Import Topfarm models to set up an LCOE workflow including the cost model
[1]:
# Import numerical python
import numpy as np
# Import pywake models including the IEA Wind Task 37 case study site, the Gaussian wake model and the AEP calculator
from py_wake.examples.data.iea37._iea37 import IEA37_WindTurbines, IEA37Site
from py_wake.deficit_models.gaussian import IEA37SimpleBastankhahGaussian
# Import Topfarm implementation of NREL Cost and Scaling model
from topfarm.cost_models.economic_models.turbine_cost import economic_evaluation as ee_1
# Import Topfarm constraints for site boundary and spacing
from topfarm.drivers.random_search_driver import RandomizeTurbinePosition_Circle
from topfarm.constraint_components.boundary import CircleBoundaryConstraint
from topfarm.constraint_components.spacing import SpacingConstraint
# Import Topfarm support classes for setting up problem and workflow
from topfarm.cost_models.cost_model_wrappers import CostModelComponent, AEPCostModelComponent
from topfarm.cost_models.py_wake_wrapper import PyWakeAEPCostModelComponent
from topfarm import TopFarmGroup, TopFarmProblem
from topfarm.plotting import XYPlotComp, NoPlot
# Import Topfarm implementation of Random Search or Scipy drivers
from topfarm.easy_drivers import EasyRandomSearchDriver
from topfarm.easy_drivers import EasyScipyOptimizeDriver
from topfarm.easy_drivers import EasySimpleGADriver
Set up plotting capability
[2]:
try:
import matplotlib.pyplot as plt
plt.gcf()
plot_comp = XYPlotComp()
plot = True
except RuntimeError:
plot_comp = NoPlot()
plot = False
<Figure size 640x480 with 0 Axes>
Set up IEA Wind Task 37 case study site with 16 turbines.
[3]:
# site set up
n_wt = 16 # number of wind turbines
site = IEA37Site(n_wt) # site is the IEA Wind Task 37 site with a circle boundary
windTurbines = IEA37_WindTurbines() # wind turbines are the IEA Wind Task 37 3.4 MW reference turbine
wake_model = IEA37SimpleBastankhahGaussian(site, windTurbines) # select the Gaussian wake model
# vectors for turbine properties: diameter, rated power and hub height. these are inputs to the cost model
Drotor_vector = [windTurbines.diameter()] * n_wt
power_rated_vector = [float(windTurbines.power(20)/1000)] * n_wt
hub_height_vector = [windTurbines.hub_height()] * n_wt
Set up functions for the AEP and cost calculations. Here we are using the internal rate of return (IRR) as our financial metric of interest.
[4]:
# function for calculating aep as a function of x,y positions of the wind turbiens
def aep_func(x, y, **kwargs):
return wake_model(x, y).aep().sum(['wd','ws']).values*10**6
# function for calculating overall internal rate of return (IRR)

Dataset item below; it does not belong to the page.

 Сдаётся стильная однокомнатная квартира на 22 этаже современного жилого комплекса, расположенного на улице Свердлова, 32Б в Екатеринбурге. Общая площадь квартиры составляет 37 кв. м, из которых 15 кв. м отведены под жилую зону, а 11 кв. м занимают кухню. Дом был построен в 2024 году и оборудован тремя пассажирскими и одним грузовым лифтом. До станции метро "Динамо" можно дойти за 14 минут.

def irr_func(aep, **kwargs):
my_irr = ee_1(Drotor_vector, power_rated_vector, hub_height_vector, aep).calculate_irr()
#print(my_irr)
return my_irr
Now set up a problem to run an optimization using IRR as the objective function.

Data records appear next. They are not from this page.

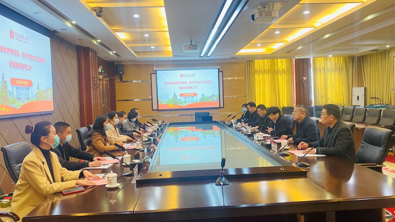 3月4日上午,河南省教育考试院成招处副处长李秀英一行四人来我校考察全国大学英语四(六)级口语考试考点建设工作,新乡市招生办公室负责同志陪同考察。校党委常委、副校长郭海明出席考察座谈会,教务处处长聂国兴、外国语学院院长刘国兵及相关工作人员参加会议。会议由教务处处长聂国兴主持。
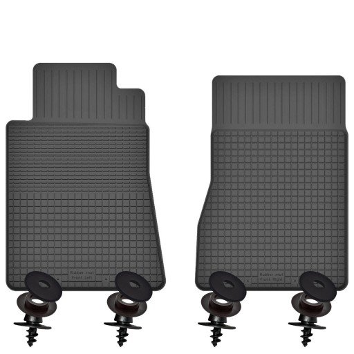 Do każdego przedniego dywanika dołączone są 2 komplety stoperów wraz z pasującymi do nich wkrętami widoczne na zdjęciu obok (na jeden komplet składa się 1 część spodnia stoperu, 1 część dolna stoperu oraz wkręt). Stopery wraz z wkrętami pakowane są do woreczków po 2 komplety w każdym (jeden woreczek do jednego dywanika) Stopery należy zamontować samemu. Dywaniki nie mają zaznaczonych miejsc montażu stoperów, ewentualne sugerowane miejsca montażu należy dokładnie sprawdzić, gdyż niektóre wersje aut mogą mieć te miejsca przesunięte. Montaż stoperów nie jest konieczny do prawidłowego użytkowania dywaników. Dywaniki są bardzo ciężkie i stosunkowo grube - waga jednego przedniego dywanika w zależności od modelu to ok. 2kg - oraz dodatkowo posiadają wypustki na ich spodzie, że już w same w sobie dobrze przylegają do powierzchni bez tendencji do przemieszczania się. Stopery są tylko dodatkowym elementem zabezpieczającym dywanik przed przesuwaniem się.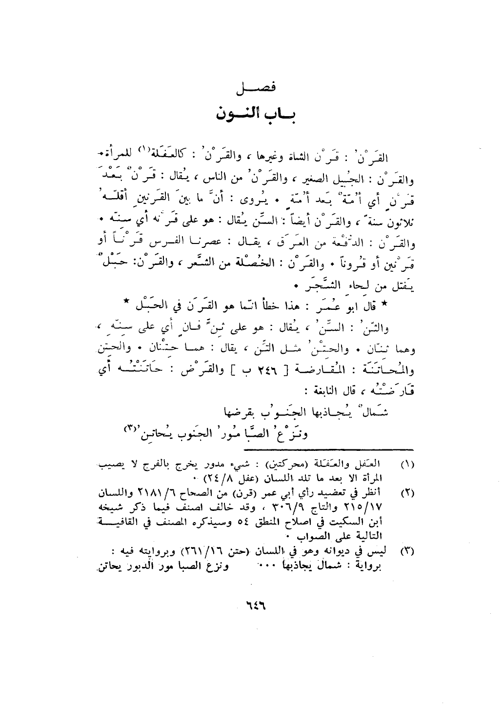 القرن: قرن الشاة وغيرها، والقرن: كالعفلة للمرأة. والقرن: الجبيل الصغير، والقرن من الناس، يقال: قرن بعد قرن أي أمة بعد أمة. يروى: أن ما بين القرنين أقله ثلاثون سنة، والقرن أيضا: السن يقال: هو على قرنه أي سنه. والقرن: الدفعة من العرق، يقال: عصرنا الفرس قرنا أو قرنين أو قرونا. والقرن: الخصلة من الشعر، والقرن: حبل يفتل من لحاء الشجر.

Note that the turbines are fixed so the main driver changing the IRR will be the AEP as the turbine positions change. Here you can select different drivers to see how the optimization result changes.
[5]:
# create an openmdao component for aep and irr to add to the problem
aep_comp = CostModelComponent(input_keys=['x','y'],
n_wt=n_wt,
cost_function=aep_func,
output_keys="aep",
output_unit="GWh",
objective=False,
output_vals=np.zeros(n_wt))
irr_comp = CostModelComponent(input_keys=['aep'],
n_wt=n_wt,
cost_function=irr_func,
output_keys="irr",
output_unit="%",
objective=True,
maximize=True)
# create a group for the aep and irr components that links their common input/output (aep)
irr_group = TopFarmGroup([aep_comp, irr_comp])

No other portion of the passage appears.